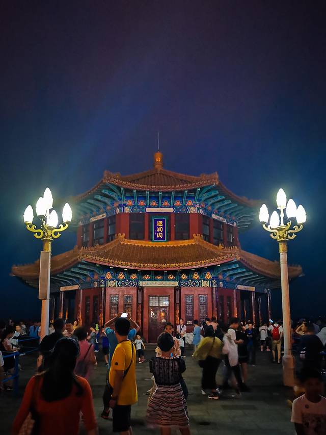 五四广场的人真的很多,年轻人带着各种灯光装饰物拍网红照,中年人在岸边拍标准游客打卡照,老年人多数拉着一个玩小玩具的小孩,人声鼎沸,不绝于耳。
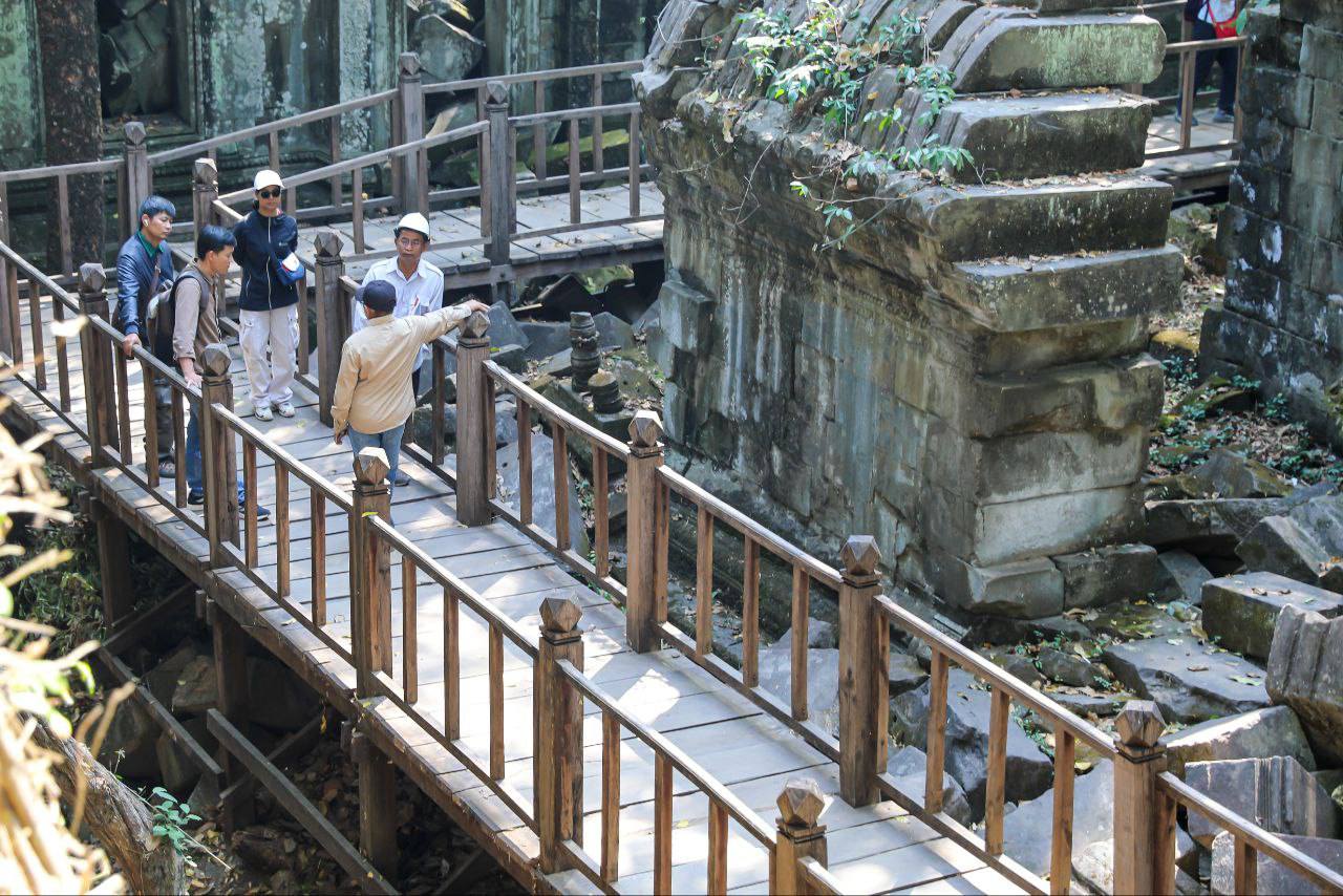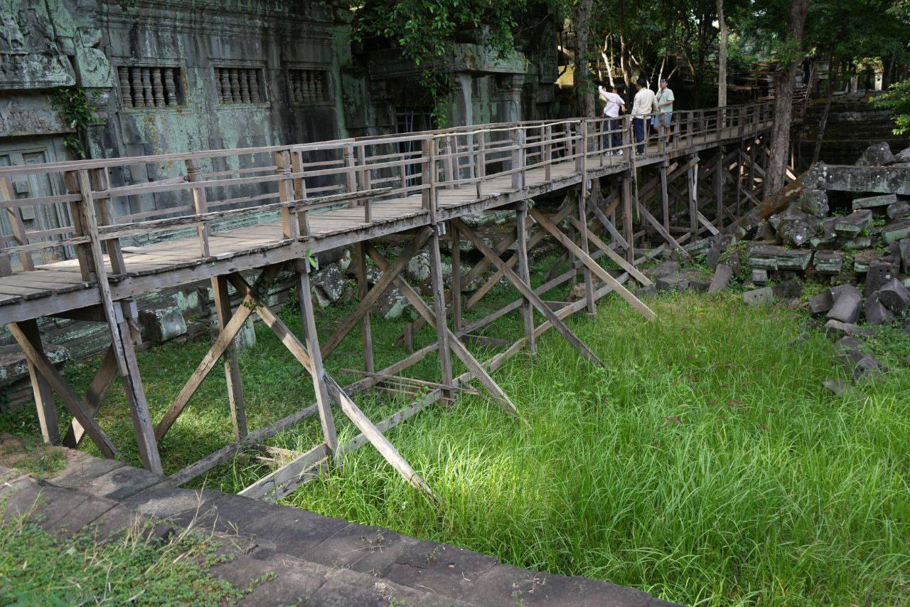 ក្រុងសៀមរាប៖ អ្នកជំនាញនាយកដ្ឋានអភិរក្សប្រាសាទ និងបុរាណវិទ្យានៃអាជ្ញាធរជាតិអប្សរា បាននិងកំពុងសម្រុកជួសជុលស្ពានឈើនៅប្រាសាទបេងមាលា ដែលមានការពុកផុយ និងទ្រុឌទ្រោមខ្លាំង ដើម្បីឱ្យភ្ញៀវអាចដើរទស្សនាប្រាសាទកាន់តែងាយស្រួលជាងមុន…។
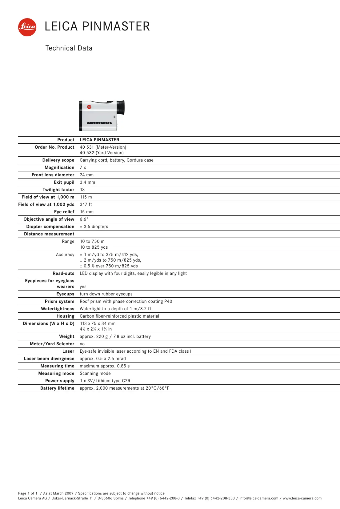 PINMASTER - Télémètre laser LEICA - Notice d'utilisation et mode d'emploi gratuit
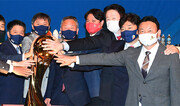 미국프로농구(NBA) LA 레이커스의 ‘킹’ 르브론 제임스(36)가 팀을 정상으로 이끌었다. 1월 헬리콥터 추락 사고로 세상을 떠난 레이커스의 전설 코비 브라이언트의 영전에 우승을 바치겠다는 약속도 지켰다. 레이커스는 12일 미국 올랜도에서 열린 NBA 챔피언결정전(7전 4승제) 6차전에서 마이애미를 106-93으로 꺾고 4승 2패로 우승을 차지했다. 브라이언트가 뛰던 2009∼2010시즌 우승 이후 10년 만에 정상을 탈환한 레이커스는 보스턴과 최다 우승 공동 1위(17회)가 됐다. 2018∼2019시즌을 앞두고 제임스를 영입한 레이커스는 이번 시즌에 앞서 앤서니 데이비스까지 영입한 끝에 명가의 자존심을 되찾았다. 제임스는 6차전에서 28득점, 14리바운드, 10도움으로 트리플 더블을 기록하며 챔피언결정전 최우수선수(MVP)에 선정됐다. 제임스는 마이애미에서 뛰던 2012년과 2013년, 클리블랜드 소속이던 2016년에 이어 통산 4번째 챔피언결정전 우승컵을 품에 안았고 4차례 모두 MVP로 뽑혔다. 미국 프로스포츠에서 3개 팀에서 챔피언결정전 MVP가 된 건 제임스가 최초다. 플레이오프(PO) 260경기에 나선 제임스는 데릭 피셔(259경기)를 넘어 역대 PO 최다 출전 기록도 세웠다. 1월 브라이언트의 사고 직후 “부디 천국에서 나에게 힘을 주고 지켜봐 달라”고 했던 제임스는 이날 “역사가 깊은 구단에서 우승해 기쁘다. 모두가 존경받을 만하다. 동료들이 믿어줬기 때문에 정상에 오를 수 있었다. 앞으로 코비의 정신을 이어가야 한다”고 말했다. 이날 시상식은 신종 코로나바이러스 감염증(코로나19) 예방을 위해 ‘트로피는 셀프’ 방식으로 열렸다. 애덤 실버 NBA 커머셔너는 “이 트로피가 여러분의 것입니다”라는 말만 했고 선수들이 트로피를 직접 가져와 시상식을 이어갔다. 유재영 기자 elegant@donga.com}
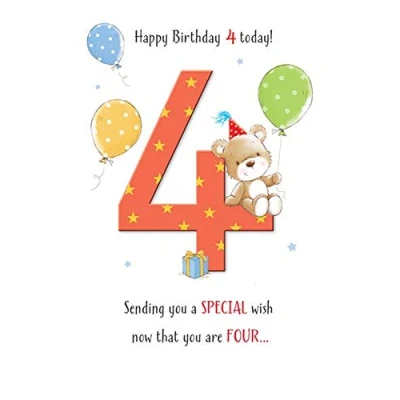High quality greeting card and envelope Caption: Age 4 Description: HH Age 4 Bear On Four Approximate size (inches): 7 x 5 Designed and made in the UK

...

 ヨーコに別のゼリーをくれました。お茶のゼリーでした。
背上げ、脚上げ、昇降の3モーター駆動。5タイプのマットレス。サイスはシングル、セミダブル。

• Assignment: Please give an exact copy of the lines above, beginning with the line containing "ヨーコに別のゼリーをくれました。お茶のゼリーでした。" and running through the line containing "背上げ、脚上げ、昇降の3モー", and of no other lines.

• Result below:
 ヨーコに別のゼリーをくれました。お茶のゼリーでした。
背上げ、脚上げ、昇降の3モーター駆動。5タイプのマットレス。サイスはシングル、セミダブル。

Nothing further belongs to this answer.